She is always going to try, in various ways, to suck you back into drama. She might, after all, have the juvenile idea that someday you are all going to be 'friends,' because that is how they do it in the movies. 

Ignore, ignore, ignore.

Remember your mantra: the best revenge is indifference. When you get worked about her, when you give an ounce of energy or emotion in her direction, you are (ever so slightly) letting her win.

That is why, if she ever does manage to trick you into seeing one another face-to-face, or speaking on the phone, you are going to practice showing her zero, zero emotion. You are going to find every bit of self-control you possess in your body and you are not going to lower yourself to anything approaching her level.


----------



## Catherine602 (Oct 14, 2010)

At 18 yo this is pure entertainment. She is practically a child herself and is probably suprised at the power she has to affect the lives of adults. Adults with children no less. playing house because it is exciting.

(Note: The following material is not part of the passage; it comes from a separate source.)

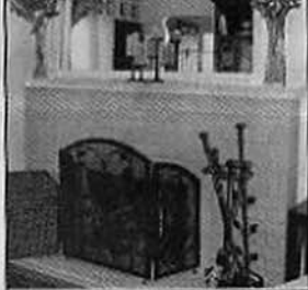
Oliver's coveted fireplace and family-heirloom mirror.

Feature I brag about: "The wood-burning fireplace. It is such a treat on a cold fall/winter night — heck, just about any night! — to sit in front of a crackling fire and have a glass of Shiraz with my husband and catch each other up on our day. The other part of the house I adore is the deck off of the kitchen. It provides us with another 400-square-feet of living space and becomes our dining room/lounge in the warmer parts of the year."

She may be calling you to keep up the drama. Don't provide entertainment. 

I think you are doing the right thing, providing as little dramatic stimulation to them as possible. The 18 yo will get bored with this situation when things quiet down and she has to deal with living with a man with whom she has nothing in common. 

She'll find some guy closer to her age and stage in life and dump the old man when boredom sets in.
_Posted via Mobile Device_


----------



## alte Dame (Aug 7, 2012)

This IS truly bizarre. It's like you had this normal, reasonable life and then things just went...off. With a husband acting out with a teenager and said teenager plaguing you because she perhaps needs to see herself as your equal...or she's thinking in her little girl way that this shows she's taking the high road...or she's really insecure and needs to make sure you understand that she 'won' or...well, who will ever really know?

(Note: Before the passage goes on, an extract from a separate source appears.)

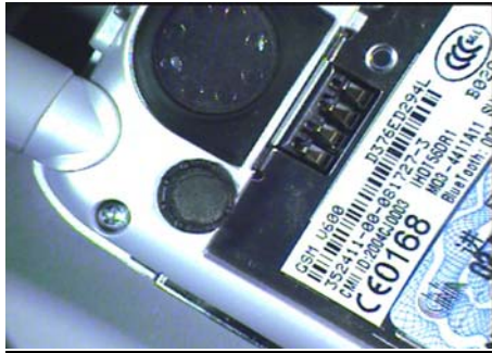
"Old" 0188441N01 R-Hsg

Do these sophomoric games make it easier? I mean, does it help in any way that this girl is a window into your ex-H's real personality?


----------



## Honeystly (Mar 1, 2012)

alte Dame, I'm not sure if it helps. It makes me ashamed that I could misjudge my stbxh to this degree. I though he was a good guy.... He actually never gave me butterflies per se, but I thought he was a kind soul who would never hurt me, and THAT"s why I loved him so much. We had trust. 
It is bizarre. I'm trying to figure out if I'm actually the mental one, and everybody else is sane.... I mean if they all find it acceptable, then maybe it is? Maybe I'm the only one with some old school morals? Nope. No. But it makes me question my sanity all the same. I just want to wake up out of this nightmare. When I was in high school I never had any drama-I was steady and didn't involve myself in teen issues, and here they are... Biting me in the ass at 32.


----------



## alte Dame (Aug 7, 2012)

Honeystly said:


> It is bizarre. I'm trying to figure out if I'm actually the mental one, and everybody else is sane.... I mean if they all find it acceptable, then maybe it is? Maybe I'm the only one with some old school morals?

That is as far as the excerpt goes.